Il sied de relire la pièce à la lueur des renseignements biographiques recueillis sur Mlle de Coigny. Certes, le poète, comme son génie s’y plaisait, a généralisé et sublimé la belle image ; une jeune femme en péril lui a rappelé l’agonie injuste de la jeunesse. Il a posé, moins durement, mais avec force, la question de Lucrèce : Quare mors immatura vagatur ? L’âme de sa composition semble condensée dans une demi-strophe aussi impersonnelle qu’il est possible de le souhaiter :

Brillante sur ma tige et l’honneur du jardin
Je n’ai vu luire encore que les feux du matin,
                  Je veux achever ma journée.

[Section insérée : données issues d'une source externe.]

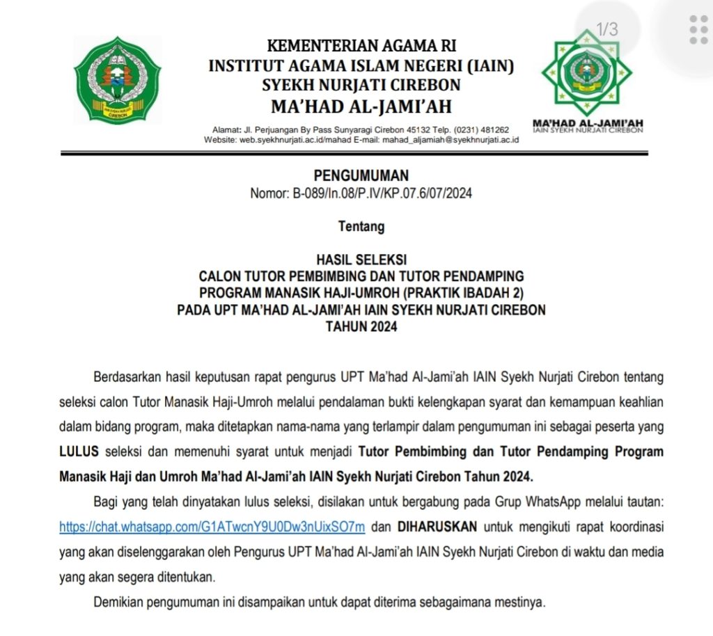 HASIL SELEKSI CALON TUTOR PEMBIMBING DAN TUTOR PENDAMPING PROGRAM MANASIK HAJI-UMROH (PRAKTIK IBADAH 2) PADA UPT MA’HAD AL-JAMI’AH IAIN SYEKH NURJATI CIREBON TAHUN 2024

Malgré tout, et quelque élévation qu’ait gagné la pensée, les traits particuliers de Mlle de Coigny ne se sont pas tous évanouis du poème. On peut bien supposer qu’elle s’écria presque mot pour mot :

Qu’un stoïque aux yeux secs vole embrasser la mort.

Aimée de Goigny était philosophe. Si elle avait suivi Aristippe plus que Zénon, sa délicate volupté donnait et recevait d’autres biens que ceux du vulgaire, quoiqu’elle y fût parfaite aussi. « Tant de beauté qu’on lui eût permis d’être sotte, et tant d’esprit qu’on lui eût pardonné d’être laide ! » Ainsi parle M. Lamy. « La grâce », dit Chénier de son côté,

La grâce décorait son front et ses discours.